In a hallmark gesture familiar from the artist’s innovative exploration of paint and pigment, Polke lets a pallid blue colour spill over a white ground, allowing gravity and accident to trace a spidery network of rivulets. Modifying the unpredictable crystalline patterns which result, the artist tints a random selection of the cells, causing a faint blush to spread over the left side of the support. Mixing images with the same fluid ease as liquids, the artist incorporates disparate visual sources, rendering each in a markedly different technique. Leftmost, in a delicately-brushed caricature, deprived of context and narrative, a haughty woman lectures an irate man garbed in a fish costume. In its cartoonish subject matter and linear style, this illustration recalls Polke’s earlier work Spiderman, 1971-4, in the collection of the Museum of Modern Art, New York, in which the eponymous character, stripped of all referents, clambers over an abstract ground. On the right of Untitled, the artist appropriates a woodcut of a puppeteer, instantly recognisable from its expressionistic marks, which appear as if carved between bold black outlines.
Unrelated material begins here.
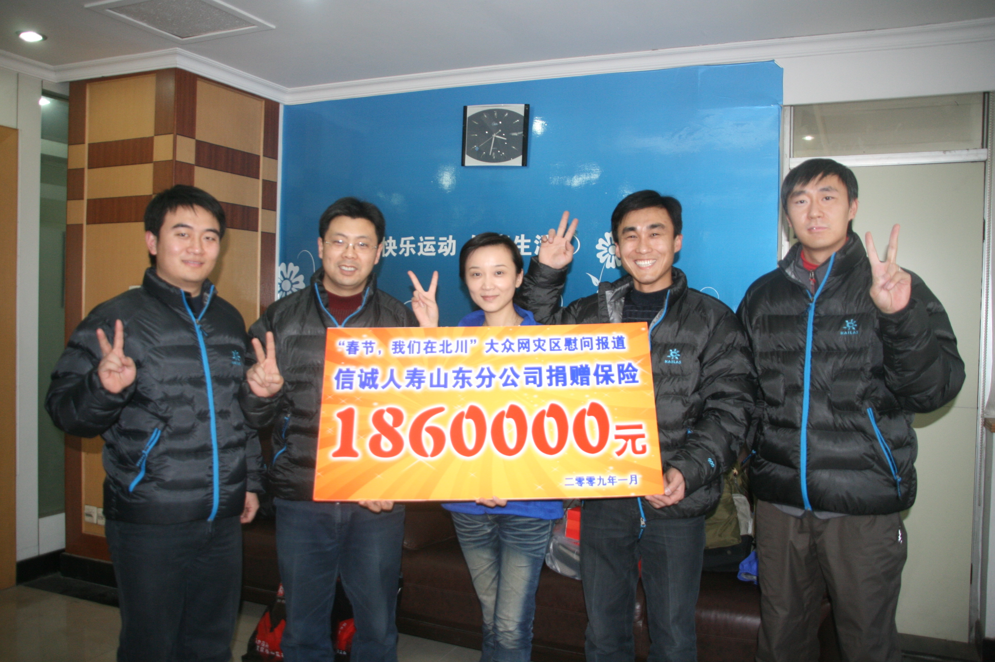 大眾網濟南1月21日訊 21日下午,大眾網、齊魯手機報特派記者將與各報紙記者、熱心網友共同組成聯合報道組,帶著大眾網員工及山東人民、廣大網友捐助的善款奔赴山東對口援建的北川縣。信誠人壽作為一家具有強烈社會責任感的保險公司,一貫用心聆聽社會需求,主動承擔社會責任。為大眾網記者及網友贈送186萬元的信誠團體意外傷害保險和信誠附加意外傷害團體醫療保險。

Throughout his practice, Polke ceaselessly lifted motifs from prints, transforming and distorting the woodcuts, lithographs and etchings he stumbled upon into a richly ambiguous personal iconography. The present work reveals the artist’s method for transferring these images into his work: on the coat of the puppeteer, the areas to become highlights are outlined, while the black around them is yet to be filled in, creating a daintily linear image.
In the centre of Untitled, the artist employs his most iconic technique, diligently hand-painting a lattice of raster dots. As the marks swirl and each dot loses its individuality, a barely coherent image of a Napoleonic soldier emerges, made recognisable by his bicorne headdress and the contrast of light and dark upon his tunic. In the constant shift of the raster dots, coming together and dissolving, the artist found the perfect visual equivalent for his oscillating vision of reality: ‘I like the way that the dots in a magnified picture swim and move about. The way that motifs change from recognisable to unrecognisable, the undecided, ambiguous nature of the situation, the way it remains open… Many dots vibrating, swinging, blurring, reappearing: one could think of radio signals, telegraphic images, television come to mind’ (S. Polke, quoted in Alibis: Sigmar Polke, 1963-2010, exh. cat., Tate Modern, London, 2015, p. 74). In Untitled, with the irrational patterning of its abstract ground, the hypnotic flux of its raster dots, with the mesmeric mosaic of its images, Polke creates a work whose layers become unfixed and fluid, constantly multiplying into an alluring infinity of new meanings.